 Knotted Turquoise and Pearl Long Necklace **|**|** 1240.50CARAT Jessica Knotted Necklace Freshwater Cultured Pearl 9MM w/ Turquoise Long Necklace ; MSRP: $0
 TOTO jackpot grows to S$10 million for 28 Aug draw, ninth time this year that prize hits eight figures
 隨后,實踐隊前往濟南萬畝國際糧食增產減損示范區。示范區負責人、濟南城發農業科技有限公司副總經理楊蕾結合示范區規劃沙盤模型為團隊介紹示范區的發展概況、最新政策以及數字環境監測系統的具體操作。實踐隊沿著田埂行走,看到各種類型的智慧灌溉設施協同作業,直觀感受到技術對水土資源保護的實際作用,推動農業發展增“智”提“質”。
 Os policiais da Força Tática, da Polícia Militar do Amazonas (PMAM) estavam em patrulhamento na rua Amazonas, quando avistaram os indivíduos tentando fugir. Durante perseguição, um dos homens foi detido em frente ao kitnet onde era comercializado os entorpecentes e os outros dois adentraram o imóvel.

---

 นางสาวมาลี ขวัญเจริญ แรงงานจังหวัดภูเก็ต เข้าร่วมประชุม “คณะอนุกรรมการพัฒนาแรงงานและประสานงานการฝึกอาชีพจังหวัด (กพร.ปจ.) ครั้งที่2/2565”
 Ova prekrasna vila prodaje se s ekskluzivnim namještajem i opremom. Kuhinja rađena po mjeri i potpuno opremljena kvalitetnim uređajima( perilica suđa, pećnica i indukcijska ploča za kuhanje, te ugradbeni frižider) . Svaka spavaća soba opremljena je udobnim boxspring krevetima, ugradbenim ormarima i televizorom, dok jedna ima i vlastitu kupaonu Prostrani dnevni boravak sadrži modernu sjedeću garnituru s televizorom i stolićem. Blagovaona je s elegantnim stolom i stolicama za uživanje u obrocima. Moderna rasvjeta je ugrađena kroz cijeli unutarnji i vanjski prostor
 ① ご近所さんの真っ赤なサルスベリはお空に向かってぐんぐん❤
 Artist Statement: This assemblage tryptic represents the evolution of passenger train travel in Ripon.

» Your objective
Would you please copy exactly the part of the entries above that begins at the line containing "Knotted Turquoise and" and ends at the line containing "Os policiais da", both lines included?

» Result of the exercise
 Knotted Turquoise and Pearl Long Necklace **|**|** 1240.50CARAT Jessica Knotted Necklace Freshwater Cultured Pearl 9MM w/ Turquoise Long Necklace ; MSRP: $0
 TOTO jackpot grows to S$10 million for 28 Aug draw, ninth time this year that prize hits eight figures
 隨后,實踐隊前往濟南萬畝國際糧食增產減損示范區。示范區負責人、濟南城發農業科技有限公司副總經理楊蕾結合示范區規劃沙盤模型為團隊介紹示范區的發展概況、最新政策以及數字環境監測系統的具體操作。實踐隊沿著田埂行走,看到各種類型的智慧灌溉設施協同作業,直觀感受到技術對水土資源保護的實際作用,推動農業發展增“智”提“質”。
 Os policiais da Força Tática, da Polícia Militar do Amazonas (PMAM) estavam em patrulhamento na rua Amazonas, quando avistaram os indivíduos tentando fugir. Durante perseguição, um dos homens foi detido em frente ao kitnet onde era comercializado os entorpecentes e os outros dois adentraram o imóvel.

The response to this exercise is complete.